Open Standards and an Open World
Published online by Cambridge University Press: 05 June 2014
By the mid-1990s, the Internet’s advocates had learned to cast Internet history in a most flattering light. They downplayed its autocratic and closed world origins, belittled the work undertaken by their competitors in Open Systems Interconnection (OSI), and reimagined the Internet as an open system. In their revisionist hands, the Internet standards process became a novel form of distributed control and participatory democracy that emerged organically from the interactions of Internet engineers. Internet users, dazzled and enchanted by their sublime new toy, searched for secrets of the Internet’s astonishing success that they could apply in other realms. A chorus of academics and policy makers unwittingly latched on to an origin myth – that the Internet was a meritocracy, the product of “nerds” and “hackers” who collaborated through a decentralized and participatory design process.

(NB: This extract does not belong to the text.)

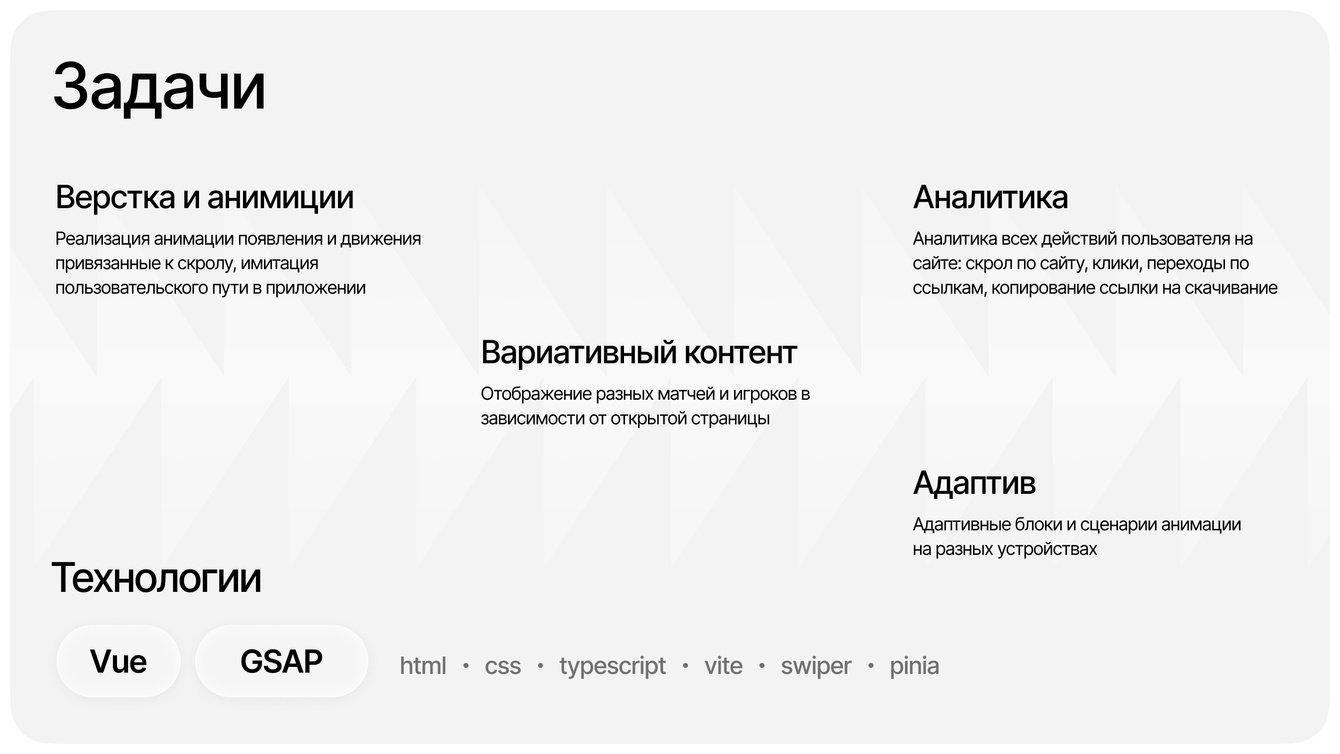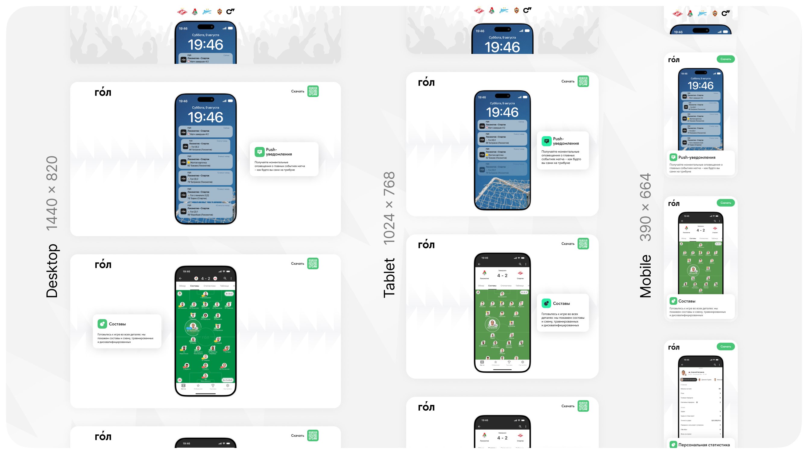 К нам обратились наши партнеры, креативная студия “Сирена”, с запросом на эксперсс разработку промо лендинга для приложения. “ГОЛ” - мобильное приложение для футбольных болельщиков, позволяющее следить за результатами матчей и отслеживать всю статистику.

The Internet standards process was an especially rich source of inspiration for legal scholars who offered new interpretations of legal philosophy, the process of innovation, and the role of nongovernmental and transnational regulatory regimes in the twenty-first-century global economy. In many cases, the lessons gleaned from the Internet success story flew in the face of accepted scientific and engineering practice – evidence, it would seem, that the Internet’s emergence truly marked a new kind of technology-enabled society. For example, Harvard law professor Jonathan Zittrain generalized from his reading of the Internet’s architectural history to propose a “procrastination principle” built on the assumption that “most problems confronting a network can be solved later or by others.” This principle, Zittrain argued, “suggests waiting for problems to arise before solving them.”